Там мачта корабля, похожая на крест, и руки рвутся из воды, соскальзывая вниз, ползут опять, цепляясь мёртвой белизной в раздробленные брёвна. Разрывы облаков, как будто солнце небо подожгло, прожгло, и море смешивает дым.
– И шмерть придёть, омыв, и в жизни вечная в Христоийсусе нашем вще вошкрешнем в третий день шо штрашного шуда. Те шлава ныне, денно вещный, шлава. Помилуй ошподи, помилуй ошподи, аминь.
Янтарная волна качает в бездне паутину, над ней смертельный скат, летящая гора с царапиной зари ещё секунду держит высоту и рушится, сгребая в тьму теней людей. Всех тех, что были там, всех тех, что были.
– Их спасут?
– У бога наши руки. – Она перекрестилась, глядя в телевизоре парад.
А папа вертолёт фломастером нарисовал на небе.
– Они увидят их?
– Увидят. Сверху, брат, видней.
– А как поднимут?
Из вертолёта вниз до мачты фломастер опустил канат, второй и между ними перекладины ступени.

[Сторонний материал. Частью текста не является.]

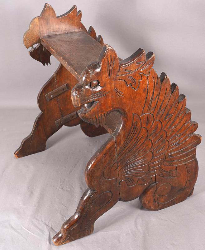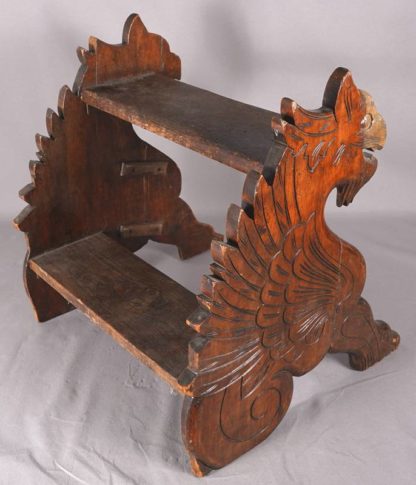 Bibliothekstritt Wohl England 19. Jh. Weichholz, teils reliefplastisch geschnitzt. Seitenteile Chimären darstellend. Größe ca. 43 x 40 cm, Höhe ca. 44,5 cm.

Они перелистнули с папой посмотреть, что будет дальше.
Из золотой армады гор вставало солнце, под ним омытый ураганом берег плыл, и море тихо. Там ослик по тропинке шёл с хозяином своим, и мама им сказала:
– Всё, спасатели, обедать.
И видел папино лицо, и знал его улыбку. Прилипнув носом к чёрному стеклу, когда всю группу в вечер разберут, катая паровозик по окну, полозья санок до детсадовских ворот. Вперёд-назад, назад-вперёд, что паровозик папу привезёт – «чух-чух-чух-чух», сквозь подступающее снежным валом горе. Никто тебя не заберёт, ты никому не нужен, никому! – и в комнате пустой аквариумной рыбке гуппи золотой скажи, чего ты хочешь. Что ты один на белом свете, навсегда, на чёрном-чёрном свете – «чух-чух-чух»… и папа приходил и забирал его домой.
Неслышно обошёл живую половицу, локтём пихнув седую кучу шуб, чтобы не задушила сзади рукавом её овчина волчья, шагнул через порог, застыл квадратом света, лесенкой из тени, вцепившись пальцами в косяк.

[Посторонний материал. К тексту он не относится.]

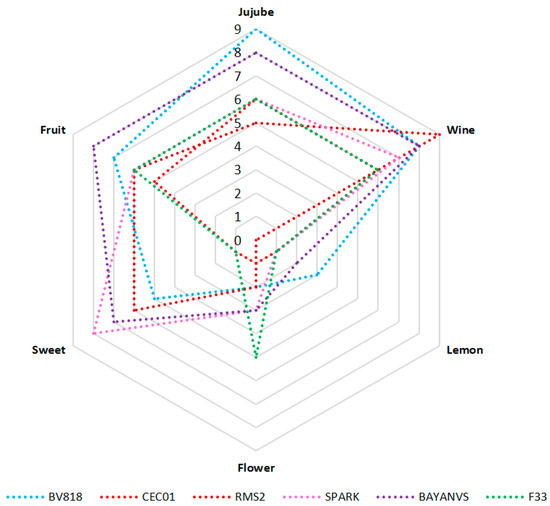 To provide a more visual comparison of the aroma of the jujube wine fermented by the six yeasts, a radar plot was generated on the basis of sensory profiles (Figure 4). Generally, all the six types of jujube wine had higher scores of jujube, wine, sweet, and fruit flavors; but had lower scores of flower or lemon flavor. Among the six types of jujube wine, the wine produced by BV818 exhibited the strongest jujube flavor and had the best sensory quality. In contrast, the wine of BAYNAVS was characterized by the fruit flavor and also showed better scores of other flavors. Therefore, its overall flavor quality was just next to that of the wine produced by BV818. Besides, the yeast SPARK produced the jujube wine characterized by the sweet flavor. However, the wine produced by RMS2 had the strongest wine flavor due to the highest ratio of the contents of total alcohols and esters [21,24,25]. Additionally, it had relatively lower scores for other flavors, resulting in the poorest flavor quality compared with other types of jujube wine.

Ещё у Василевских лампа не горит в большом окне, и зеркалом сквозь почерневшую малину сад двоится, как будто в доме их соседей дом стоит и комната-матрёшка бесконечна. Забор, за ним чернеет неподвижной стражей лес, в окопах плесень мха, в коре следы от пуль смолой кровят, потом заимка лесника, а может, лешего заимка. Полянка мёртвая, как будто головы рубили соснам там, и жилистые шеи из земли торчат, а рядом новенькие ёлки, собака дохлая потом в сухом овраге, с собаки дохлой повернуть к грибным местам, где белы-ы-ых… иногда бывает – хоть на рынке продавай. И скажет, короб ставя на траву, сама валясь о ствол спиной, облокотясь, как в кресло:
– Куды ты, жадность, горя нагребла? Не донести.
– Давай, ба, я?
– Да поняси, помо́га, поняси. Оть бабушка корзинку, ты её…
Вся жизнь у них в окне, смотри как телевизор.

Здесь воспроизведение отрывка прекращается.